El alguacil se sorprendió por un momento, y luego dijo respetuosamente:
—Así que usted es de la Casa del Maestro Xia. Me disculpo por no poder arrestar al alborotador. Si le parece bien, informaré de este asunto al Maestro Xia y veré si deberíamos iniciar una investigación.
—No será necesario. Puede retirarse. Yo misma investigaré el asunto —dijo Nan Feng.
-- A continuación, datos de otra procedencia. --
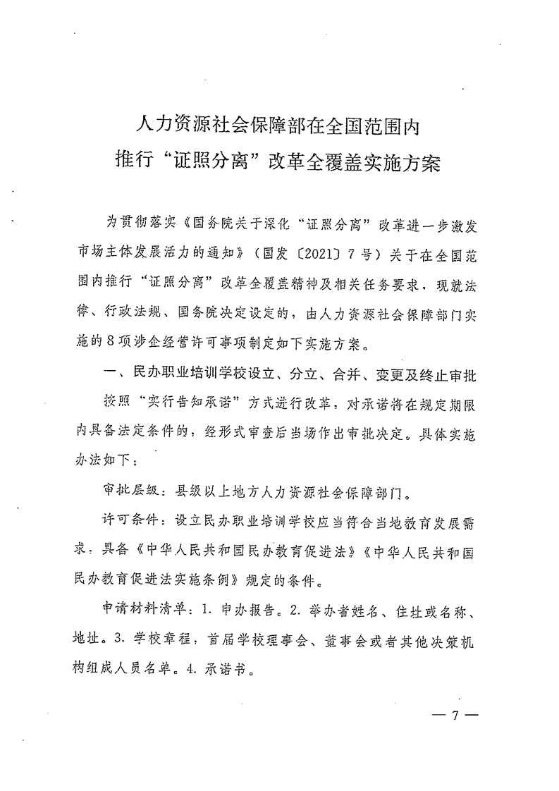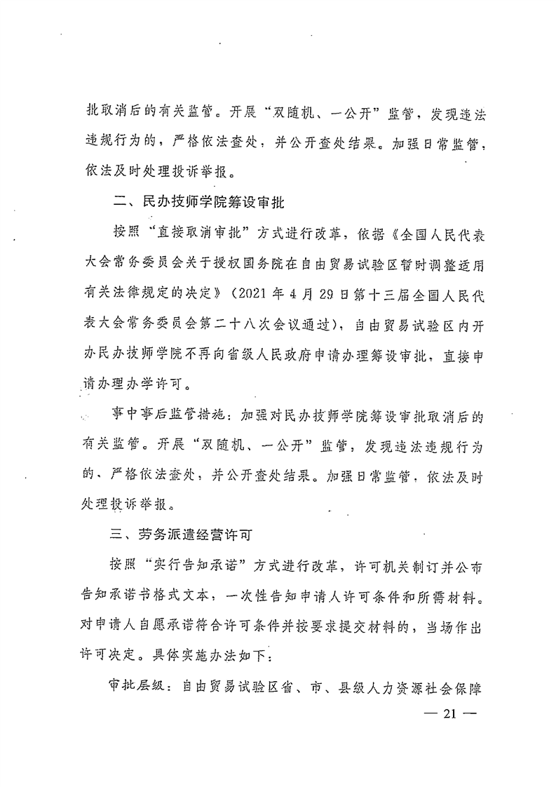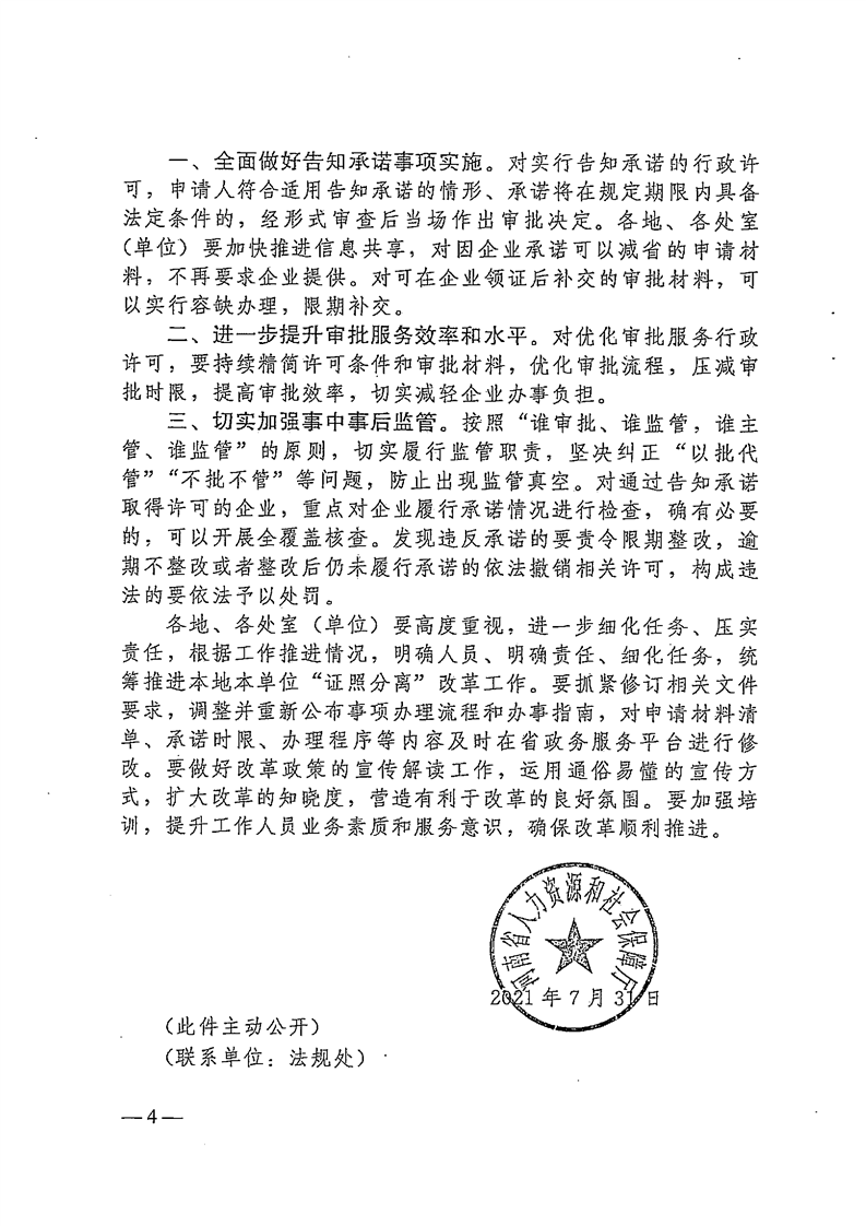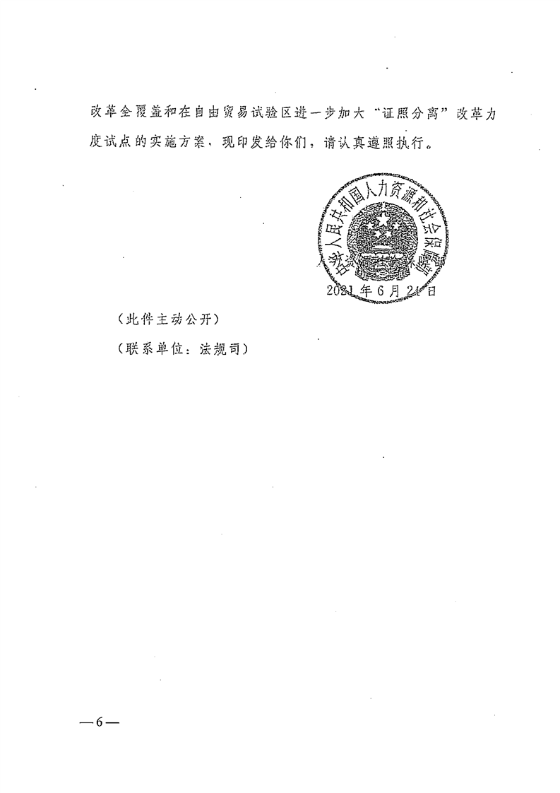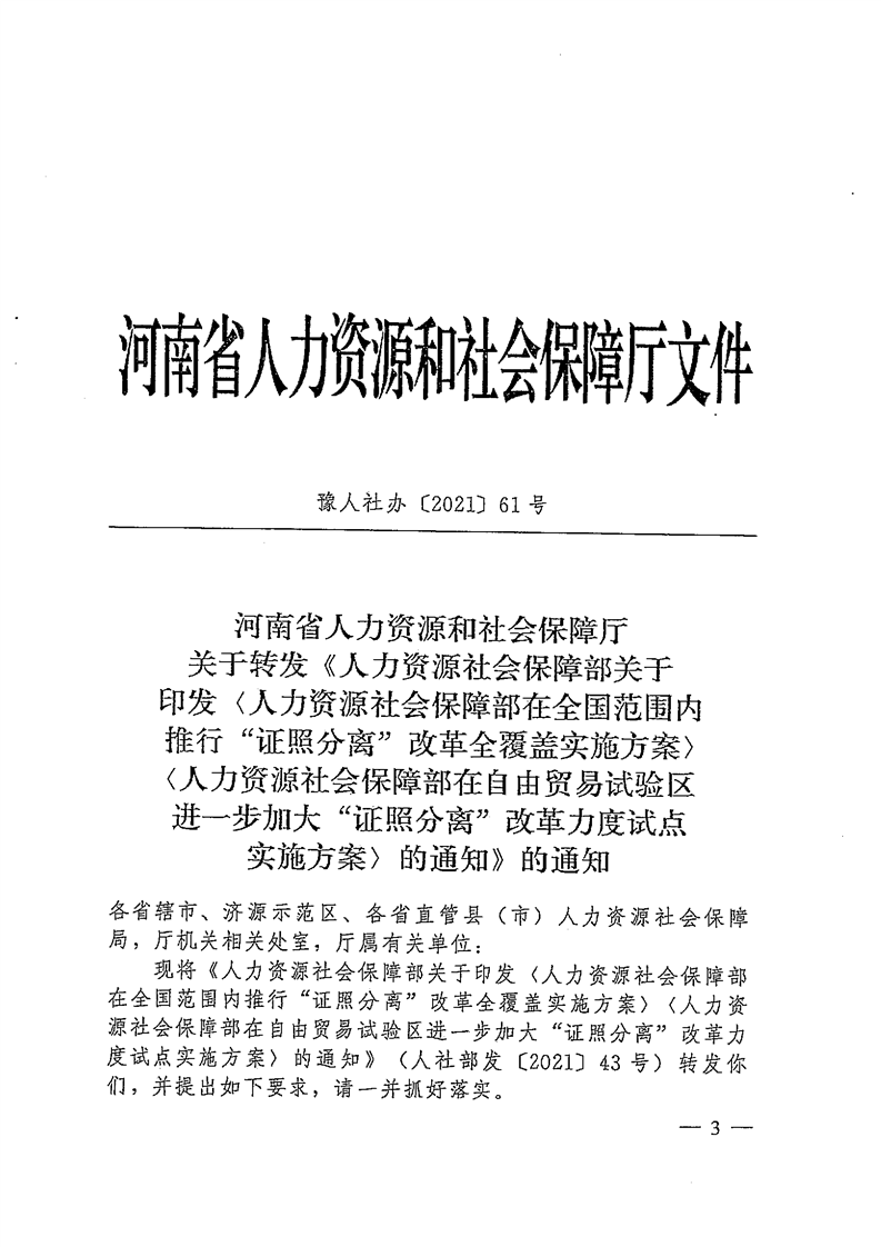 焦人社文〔2021〕63号 关于转发豫人社办〔2021〕61号人力资源社会保障部在全国范围内推行“证照分离”改革全覆盖实施方案和在自由贸易试验区进一步加大“证照分离”改革力度试点实施方案的通知

Era evidente que el incidente de hoy había sido orquestado. Si el gobierno investigara, no tardarían mucho en llegar al fondo del asunto. Sin embargo, ahora que la gente conocía su asociación con los funcionarios, incluso si ganaba en el tribunal, dirían que fue debido a sus conexiones.
La gente hoy en día simpatiza con el más débil. El lado perdedor a menudo acaba teniendo ventaja.
Después de que el alguacil se marchó, la multitud de espectadores no se dispersó. Nan Feng se situó entre ellos y se dirigió en voz alta:
—Todos, llevo más de dos meses con una tienda en la Plaza Spikenard y uso mis propios productos a diario, pero nunca he oído hablar de que alguien haya sido envenenado. Espero que piensen detenidamente sobre este incidente hoy – ¿por qué huyeron al ver al funcionario del gobierno? Como todos saben, Song Qingtian del Yamen es conocido por su imparcialidad. Si realmente mis productos tuvieran la culpa, definitivamente buscaría justicia para ellos. ¡Su huida demuestra su culpabilidad!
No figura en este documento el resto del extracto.